This exercise calls for retyping every line below exactly, with the images omitted.

*** Opening of Data block ***

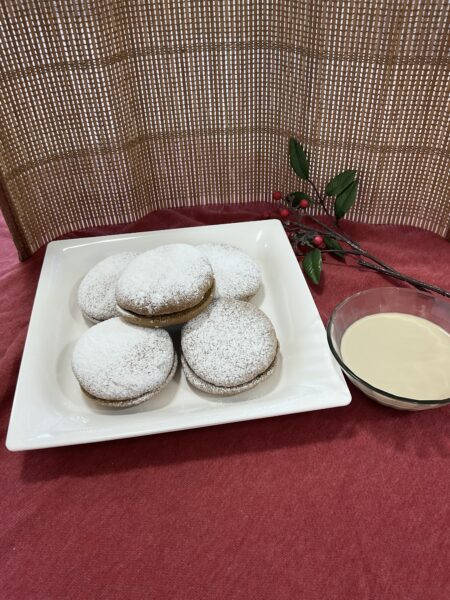 ほうじ茶クリームをサンドし仕上げに粉糖をかけて提供しました。
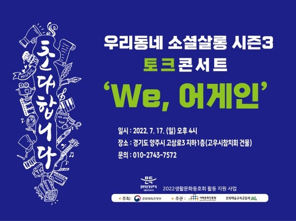 한편 ‘우리동네 소셜살롱’은 2019년 우리동네소셜살롱 시즌1 ‘우리동네 마실가歌요樂’를 시작으로 2020년 우리동네소셜살롱 시즌2 ‘책방1열’, 2022년 우리동네소셜살롱 시즌3 ‘WE, 어게인’으로 이어지고 있다.
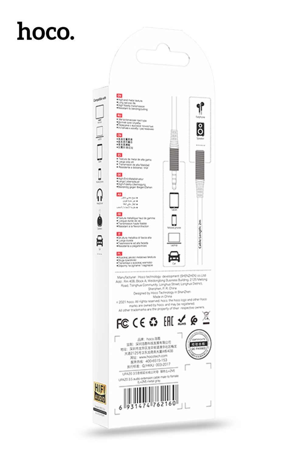 Hoco UPA23 Aluminum AUX Cable 1M – Black
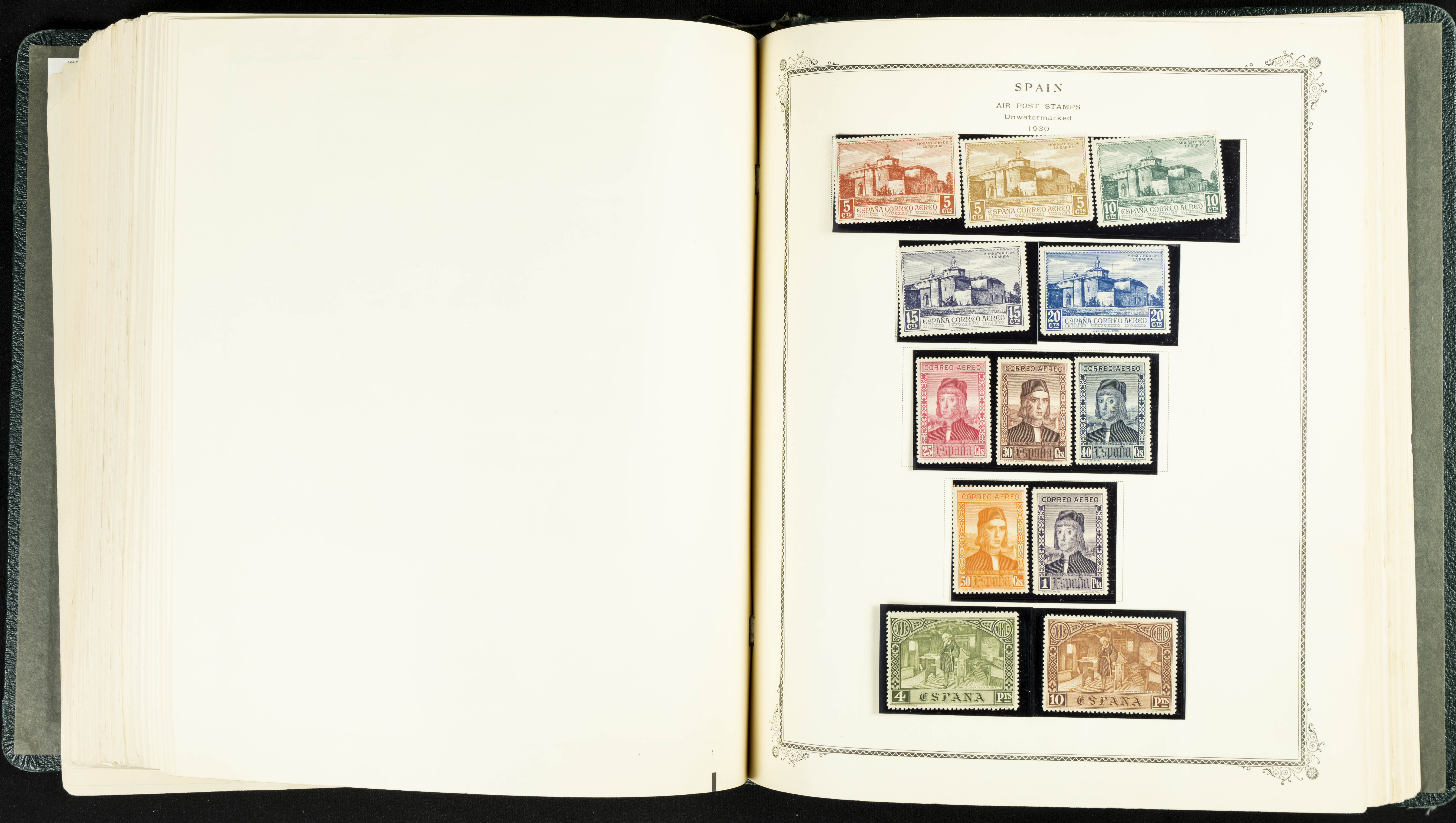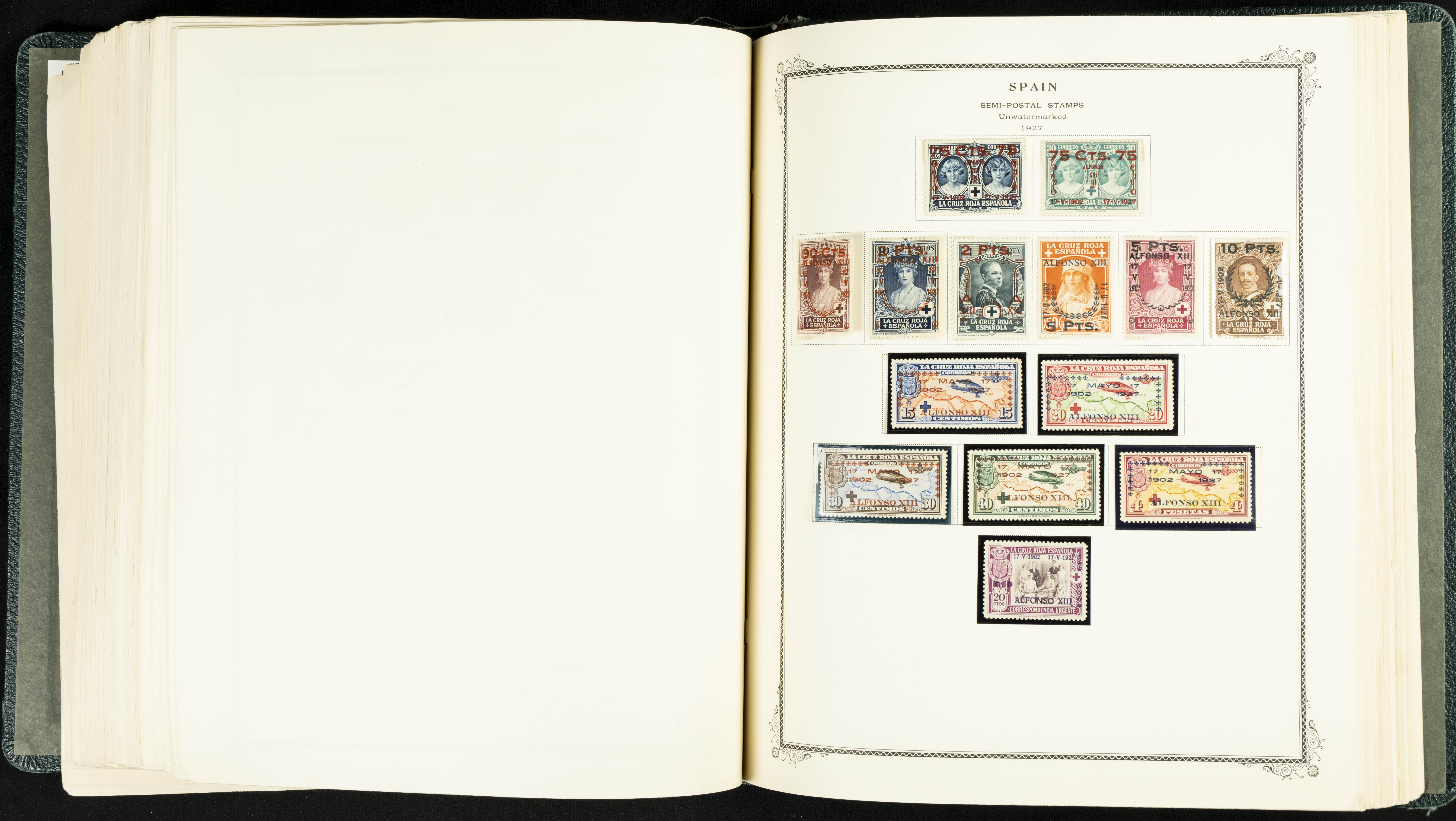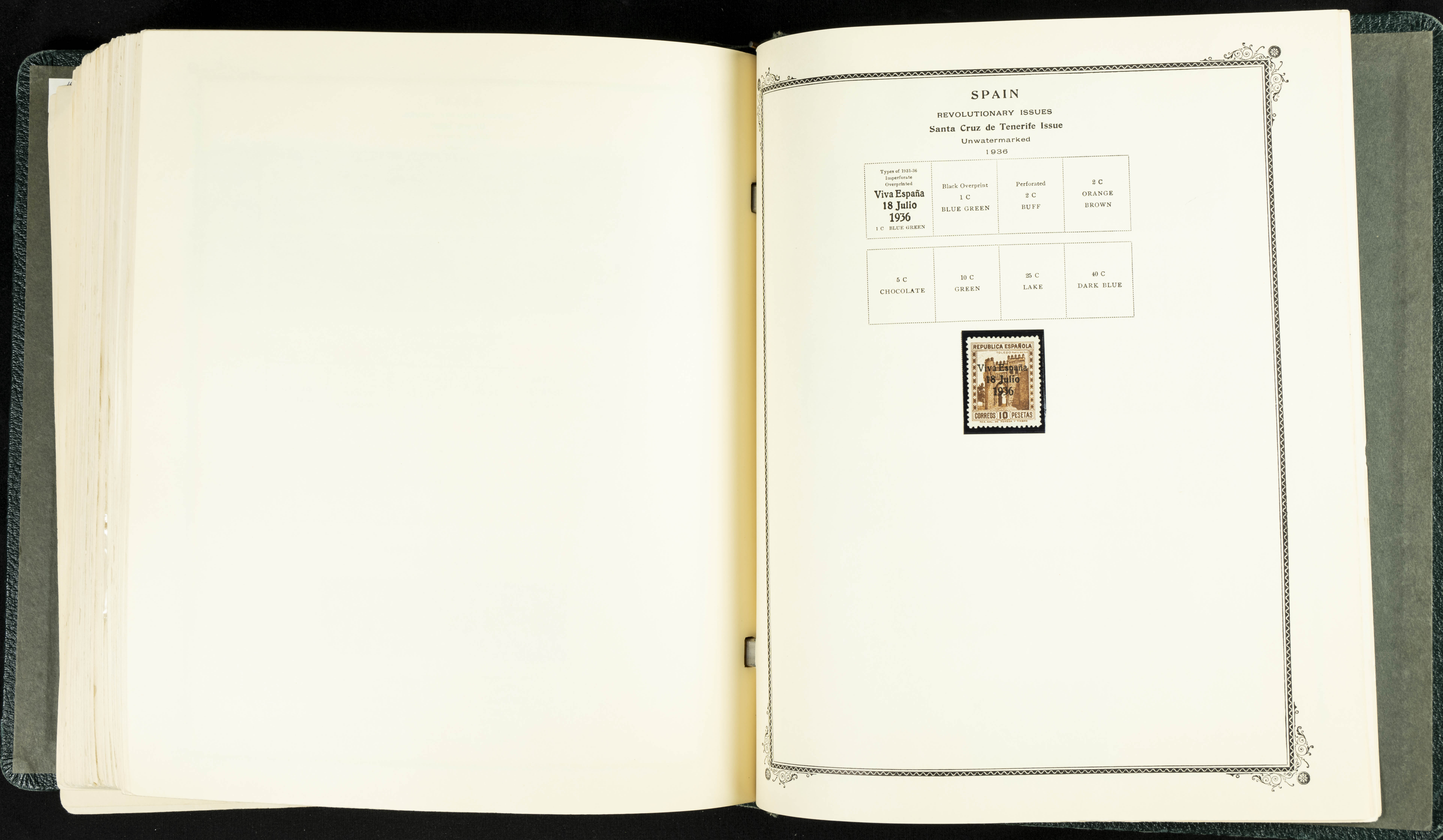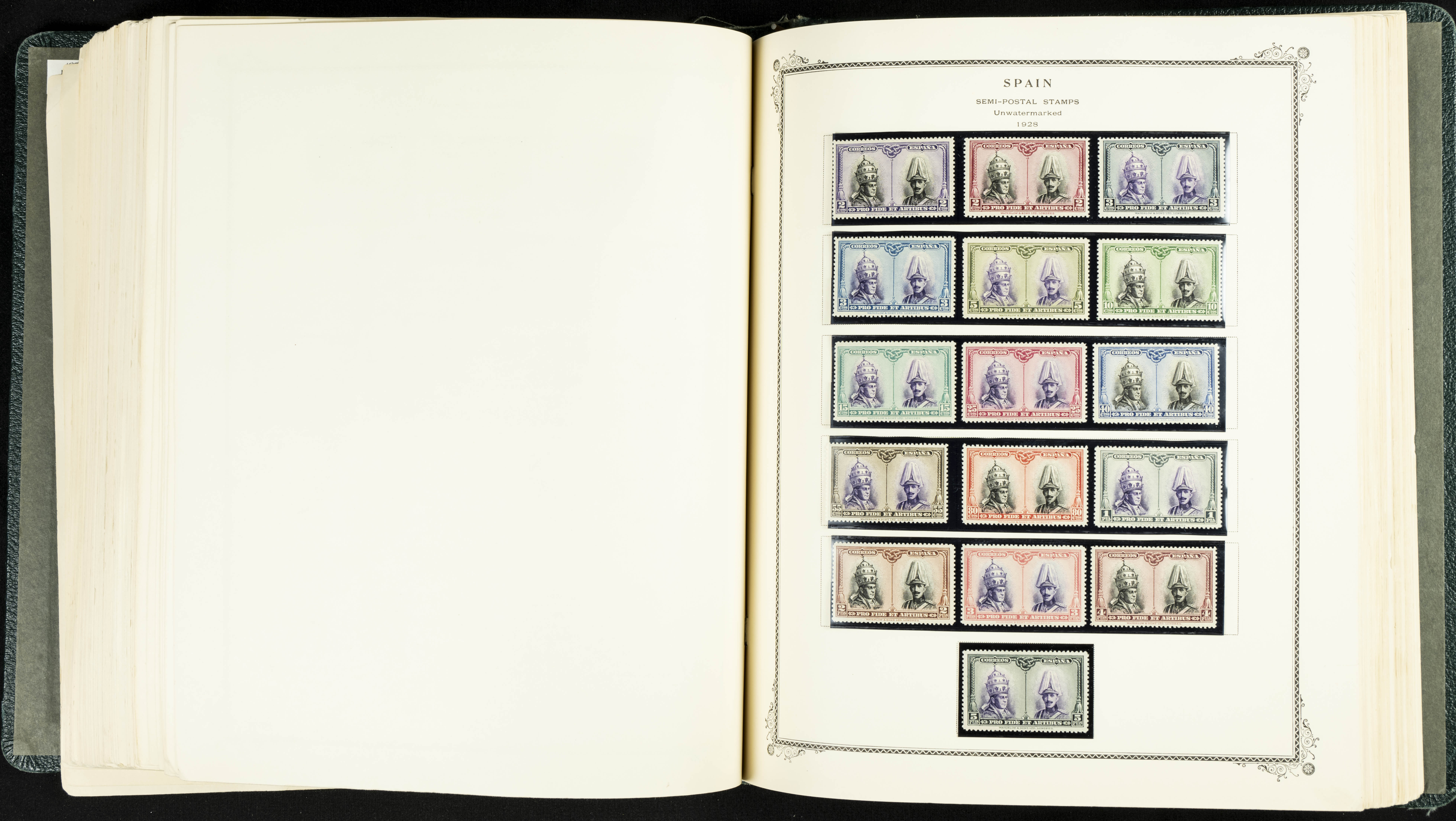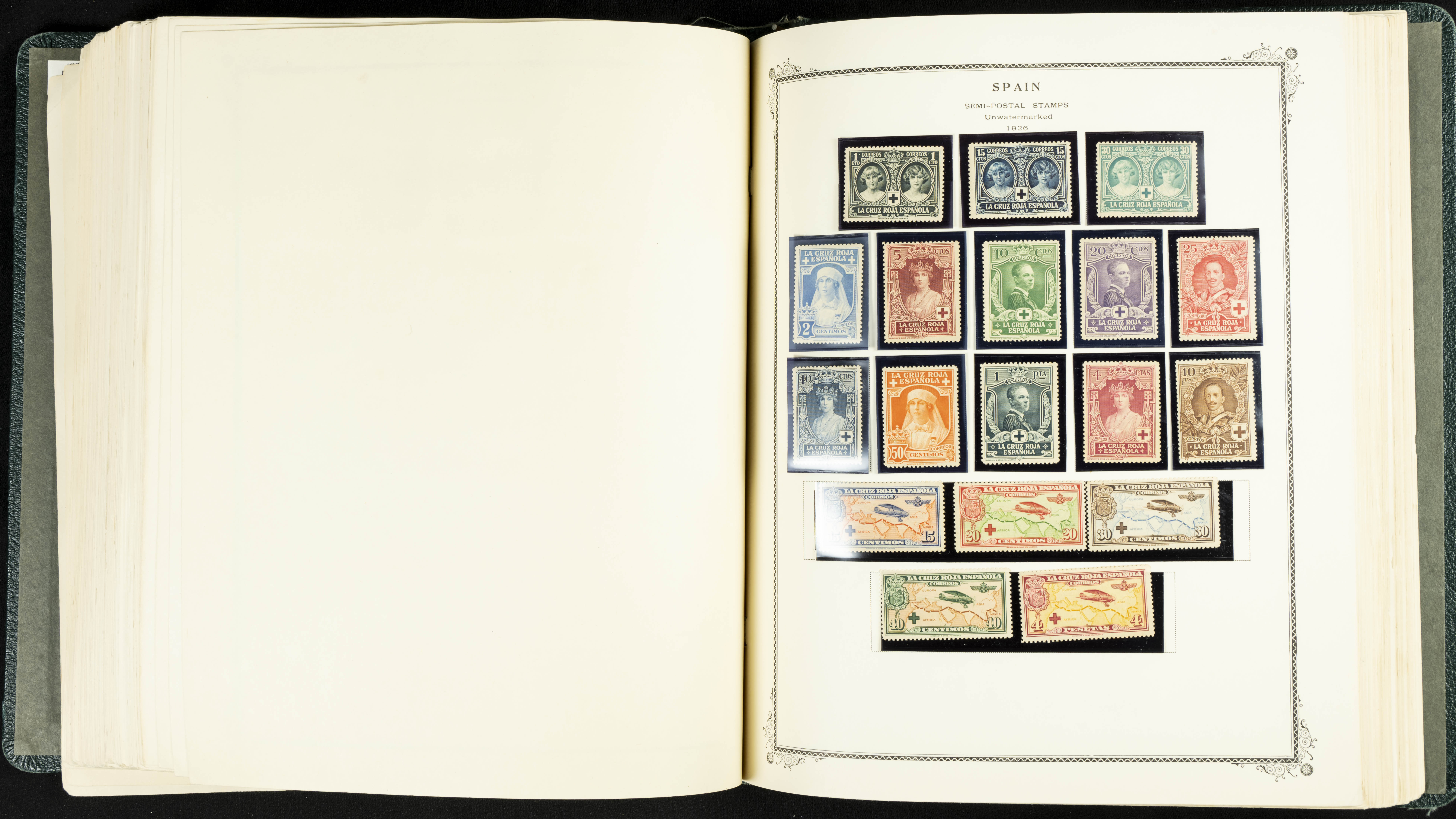 ★/(1850ca). A very interesting collection between 1850 and 1974, in mint and used coins. The classic part is very well represented, and most of the coins are used, including a complete series from 1850, 1851, 1852, and 1853, missing the 2 reales, 2 cuartos (green), and 1 real (blue) coins from 1854. Also included are most of the 19 cuartos, 4 pesetas from Amadeo and the First Republic, and most of the coins from 1876 to 1889. From 1901 onwards, everything is mint, including series such as Cadet, Quixote, Medallion, UPU, Red Cross (all of them), Railways, Montserrat (duplicate with A000000), Personalities, Militia, Granada, Franco (all of them), Pilar, "Falla and Zuloaga", Centenary, etc. It includes numerous varieties, imperforate, color changes, and some Patriotic Issues. EXTREMELY HIGH CATALOG VALUE. MUST BE EXAMINED.

*** Close of Data block ***

-- Answer to this problem --
 ほうじ茶クリームをサンドし仕上げに粉糖をかけて提供しました。
 한편 ‘우리동네 소셜살롱’은 2019년 우리동네소셜살롱 시즌1 ‘우리동네 마실가歌요樂’를 시작으로 2020년 우리동네소셜살롱 시즌2 ‘책방1열’, 2022년 우리동네소셜살롱 시즌3 ‘WE, 어게인’으로 이어지고 있다.
 Hoco UPA23 Aluminum AUX Cable 1M – Black
 ★/(1850ca). A very interesting collection between 1850 and 1974, in mint and used coins. The classic part is very well represented, and most of the coins are used, including a complete series from 1850, 1851, 1852, and 1853, missing the 2 reales, 2 cuartos (green), and 1 real (blue) coins from 1854. Also included are most of the 19 cuartos, 4 pesetas from Amadeo and the First Republic, and most of the coins from 1876 to 1889. From 1901 onwards, everything is mint, including series such as Cadet, Quixote, Medallion, UPU, Red Cross (all of them), Railways, Montserrat (duplicate with A000000), Personalities, Militia, Granada, Franco (all of them), Pilar, "Falla and Zuloaga", Centenary, etc. It includes numerous varieties, imperforate, color changes, and some Patriotic Issues. EXTREMELY HIGH CATALOG VALUE. MUST BE EXAMINED.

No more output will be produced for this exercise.